Predicting Outcomes in Individual Patients After Transcatheter Aortic Valve Replacement: Small Steps on the Path to Improved Decision Making

Author Affiliations
  • 1Cardiovascular Division, Department of Medicine, Brigham and Women’s Hospital, Harvard Medical School, Boston, Massachusetts
JAMA Cardiol. 2016;1(1):53-54. doi:10.1001/jamacardio.2016.0006

The application of risk scores to predict outcomes following medical and surgical interventions has become an increasingly common step in the process of clinical decision making. Ideally, risk scores can be used to inform patients and clinicians about expected outcomes in an individualized fashion. Tools can be developed to facilitate complicated and contextualized conversations with patients, and both hospitals and heart care teams can obtain risk-adjusted patient outcomes as a means for ongoing care improvement. A premium is to be placed on any tool that enhances the intertwined processes of shared decision making and informed consent, while providing a benchmark for quality improvement. However, implicit in the appropriate use of a prediction tool for these purposes is the confidence that it is valid, accurate, and robust; that it incorporates the experience of a seasoned clinician while benefiting from current information; and that it ensures the predicted outcomes are relevant.

Professional surgical and cardiology societies in both the United States and Europe have spearheaded the use of risk scores to predict outcomes following cardiac operations and percutaneous coronary interventions for many years. Indeed, the Society of Thoracic Surgeons Predicted Risk of Mortality (STS-PROM) and European System for Cardiac Operative Risk Evaluation II models are routinely used in preoperative patient assessment and planning for valvular heart surgery.1,2 These scores constitute an important aspect of the evaluation of patients for transcatheter aortic valve replacement (TAVR), a transformative and progressively improving technology initially approved for commercial use in the United States in 2011 and 2012 for the management of patients with prohibitive (STS-PROM score >15%) or high (STS-PROM score, 8%-15%) surgical risk, respectively. Additional factors that are unmeasured by the score also play an important role in determining therapy, as evidenced by a mean STS-PROM score of only 8.34% reported to the STS–American College of Cardiology Transcatheter Valve Therapy Registry (TVTR) for the more than 26 000 patients commercially treated in the United States between 2012 and 2014.3

Not unexpectedly, models based solely on prior surgical experience and data have underperformed when applied to a different patient phenotype (older and sicker) undergoing TAVR. Models combining data across TAVR and surgical aortic valve replacement (SAVR) have uncertain value, as it may not be valid to combine different techniques and divergent patient populations into a single model.4 A TAVR-specific risk model derived from a sample of 2552 patients treated from 2010 through 2011 was reported in 2014 from the French Aortic National CoreValve and Edwards-2 (FRANCE-2) registry.5 These investigators identified 9 factors predictive of 30-day or in-hospital mortality and reported similar discrimination to models cited in previous studies using SAVR risk scores applied to TAVR populations (C statistics of 0.67 for derivation set and 0.59 for validation).6

In the current issue of JAMA Cardiology, Edwards and colleagues7 report a first attempt using the TVTR to develop a model to predict in-hospital mortality for patients undergoing TAVR in the United States.

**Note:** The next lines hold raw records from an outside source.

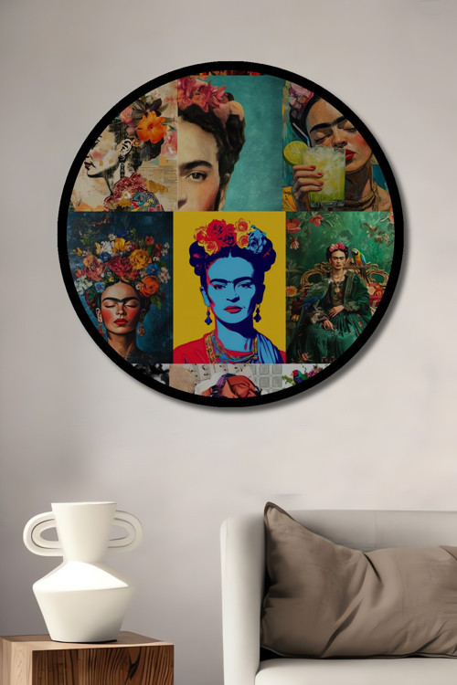 Beta Moda Hub Çerçeve Görünümlü Frida Kahlo Yağlı Boya Görünümlü Dekoratif Ahşap Tablo Yuvarlak Duvar Tablosu
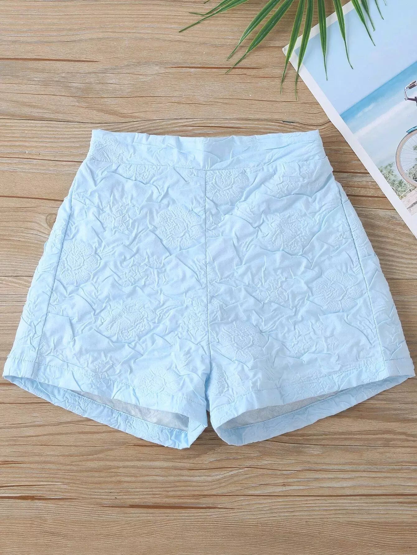 بلوزة بياقة مربعة برقبة مربعة بأزرار أمامية وبنطلون قصير للبنات
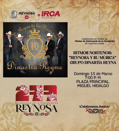 Reynosa, Tam.- El Presidente Municipal Carlos Peña Ortiz invita a la población de la región a disfrutar del arte y la cultura en la conmemoración del 277 Aniversario de la Fundación de Reynosa, en las plazas Miguel Hidalgo y Treviño Zapata, hoy domingo 15 de marzo.
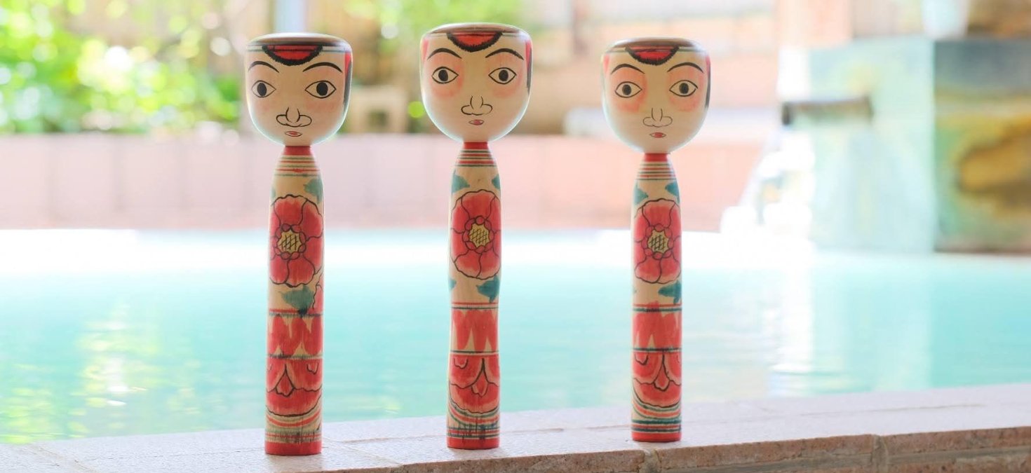 Featured above are kokeshi dolls from the Fukushima Kokeshi Craftsmen's Association. Please visit Spurlock Museum's exhibition for detailed information about each artist and their pieces displayed.
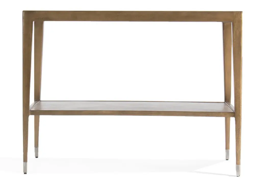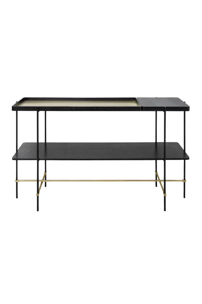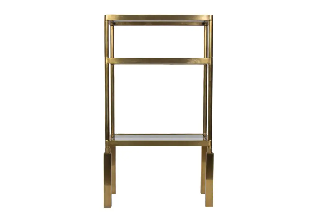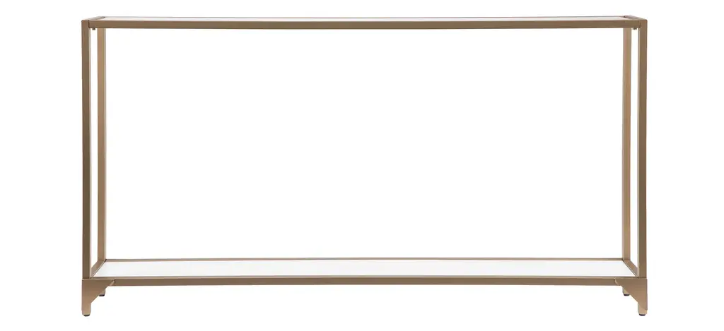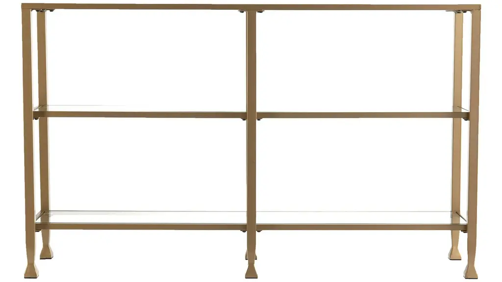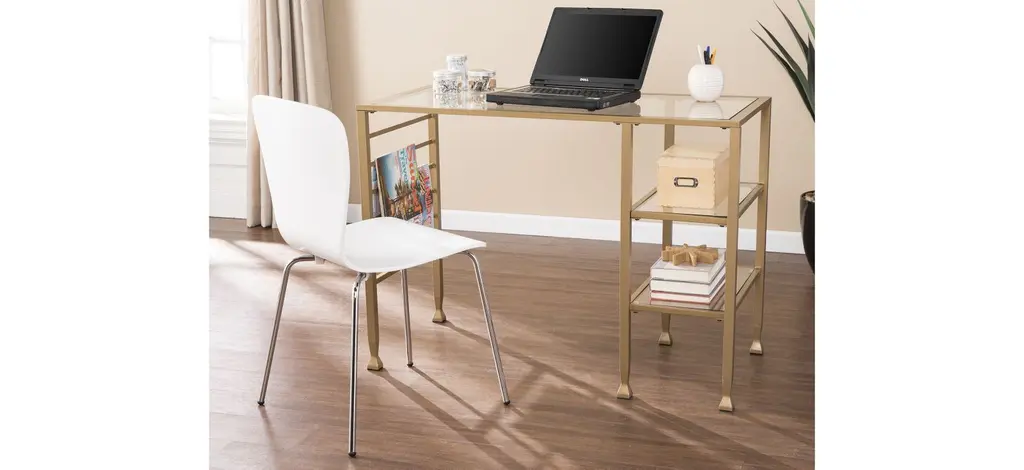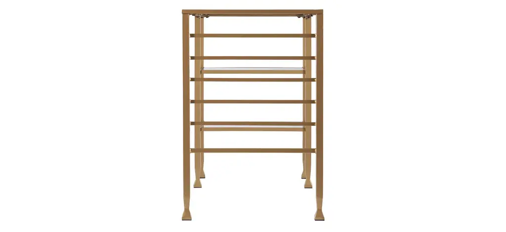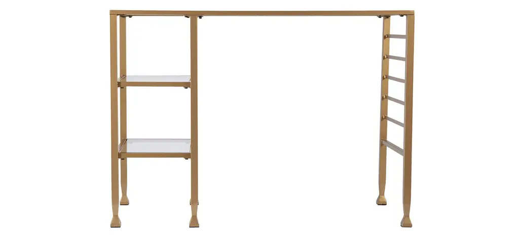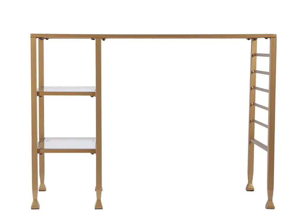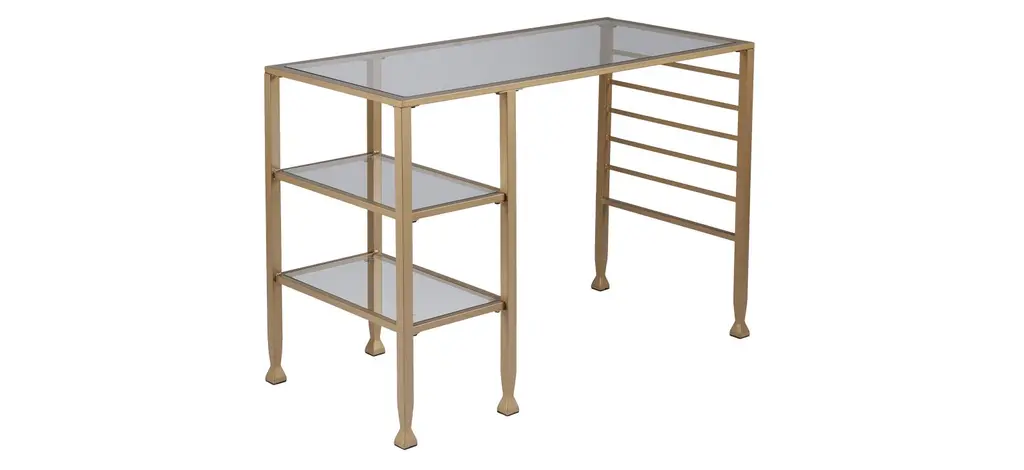 Bexley Writing Desk let sleek minimalism lift your home office to new heights with this gold writing desk. Effortlessly aligned, the soft gold frame cures the clutter with two fixed shelves and six accessory rails. Playful pyramid feet support airy architecture, supplying this glass writing desk with universal appeal for the home office or any nook.
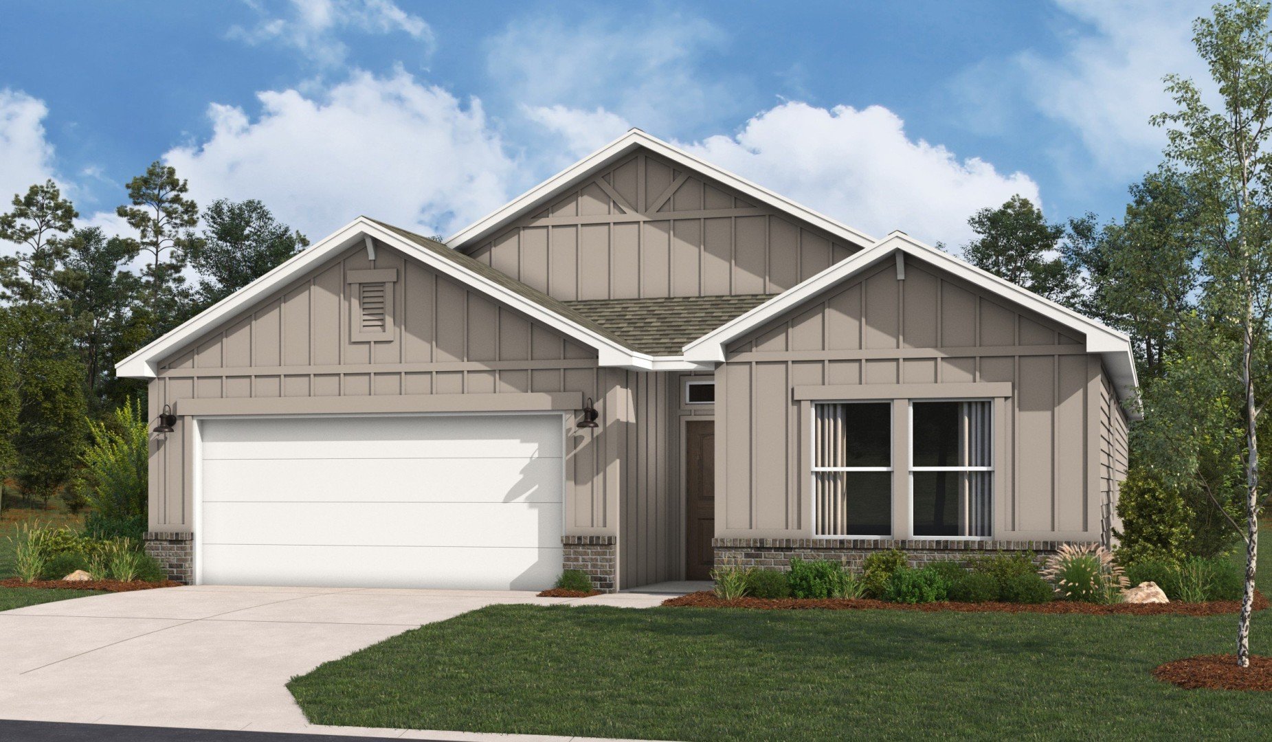 The private owner’s suite is a peaceful retreat with a spa-inspired bath and a large walk-in closet. Secondary bedrooms are thoughtfully placed in their own wing, offering flexibility for kids, guests, or a home office. A convenient laundry room and two-car garage complete this functional, comfortable design.
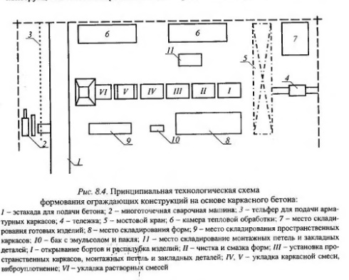 К основным относят приготовление бетонной смеси, включая подготовку составляющих материалов; изготовление арматурных элементов и готовых каркасов, формование изделий; тепловую обработку отформованных изделий, освобождение готовых изделий из форм и подготовку форм к очередному циклу. Вспомогательные операции: получение и подача пара и воды, сжатого воздуха, электроэнергии, складирование сырьевых материалов, полуфабрикатов и готовой продукции, пооперационный контроль и контроль качества готовой продукции, необходимые для выполнения основных операций. К транспортным относят операции по перемещению материалов, полуфабрикатов и изделий. Технологический процесс изготовления изделий на заводах сборного железобетона организуется агрегатно-поточным способом в перемещаемых формах, который отличается большой гибкостью и маневренностью в использовании технологического и транспортного оборудования. При такой организации технологический процесс изготовления ограждающих конструкций на основе каркасного керамзитобетона состоит из отдельных операций, выполняемых на определенных рабочих постах, и включает в себя следующий комплекс работ очистка формы и оснастки от цементной пленки и раствора, сборка разъемной формы, смазка рабочей емкости формы, укладка в форму арматурных каркасов и закладных деталей; подача формы на формовочный пост; укладка в форму бетонной смеси и ее вибрирование; укладка растворной смеси и ее уплотнение; подача изделия в форме в камеру тепловой обработки; тепловая обработка изделия; извлечение формы с изделием из камеры и передача ее на пост распалубки; распалубка и охлаждение изделия; приемка изделия отделом технического контроля; транспортирование на склад готовой продукции. При этом часть операций выполняется одновременно. Принципиальная технологическая схема изготовления ограждающих конструкций на основе каркасного бетона представлена на рис. 8.4.
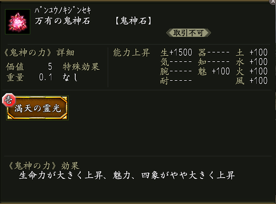 NEW ●万有の鬼神石×1 効果:鬼神の力「満天の霊光(まんてんのれいこう)」が付いた鬼神石。
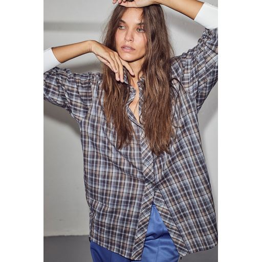 Loose Check Skjorte, Blue, XL
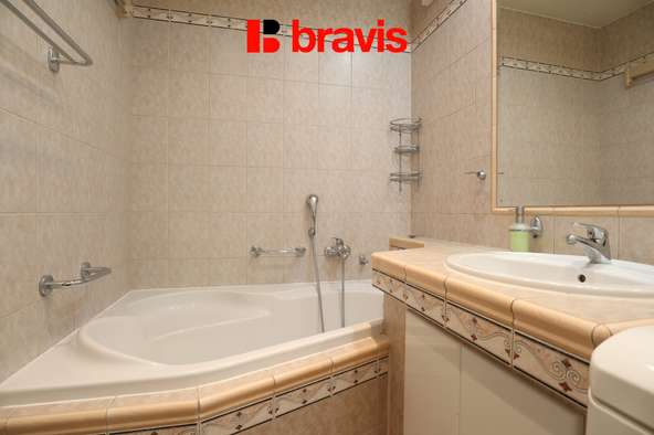 Nová kuchyňská linka s proti linkou je vybavená sporákem a lednicí. Koupelna je s rohovou vanou a pračkou, toaleta je samostatně. Samostatný pokoj má vstup na zasklenou lodžií s výhledem do klidného parku s dětským hřištěm. Byt má unikátní prostornou chodbu s vestavěnou skříní a také zádveřím, které lze využít například jako pracovní kout.
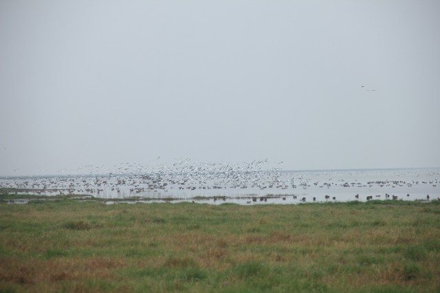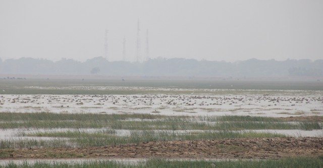 Having filled our tummies in the middle of nowhere, we proceeded further on our birding trip. We got off at a mud bank and started walking. While walking I saw many black spots on a dry piece of land, very far. I thought of what could it be and I could only guess of stones. I engaged everyone else also in that quest. Looking by binoculars also made them look like stones but I still had a doubt that they could be birds, but I had never seen so many birds alike sitting together. The guide told us that they were not stones, they were indeed birds! We all were amazed!

The model was developed with data from 13 718 consecutive patients undergoing TAVR between November 2011 and February 2014; validation was performed among 6868 patients treated between March and October 2014. From an initial list of 39 candidate patient variables, 14 variables were selected via expert consensus, and, ultimately, 9 of these covariates were retained after statistical selection. With variables similar to those used by the FRANCE-2 investigators (age, renal function, dialysis, New York Heart Association status, chronic lung disease, no femoral access site, and procedural acuity), the model provided modest discrimination (C statistic of 0.67 for derivation set and 0.66 for validation).

The investigators emphasize several limitations to this first iteration that help place it in sharper perspective: missing data, an incomplete audit process, lack of frailty and quality-of-life indicators, and focus on an in-hospital rather than a 30-day or 1-year mortality end point. To this list should be added the lack of clarity regarding the process by which expert opinion (rather than incorporation of new findings from data analysis) drove development of the model and the absence of information regarding major in-hospital cardiac (need for permanent pacemaker or implantable defibrillator, atrial fibrillation, and cardiac arrest) and noncardiac (stroke and vascular access) complications, as well as patient-oriented outcomes (functional status and quality of life). It is encouraging to note the TVTR investigators plan to refine their model further, with the ultimate goal of creating a tool that provides a fuller picture of anticipated survival and functional outcomes for the TAVR population, the demographics of which may change considerably in the years ahead.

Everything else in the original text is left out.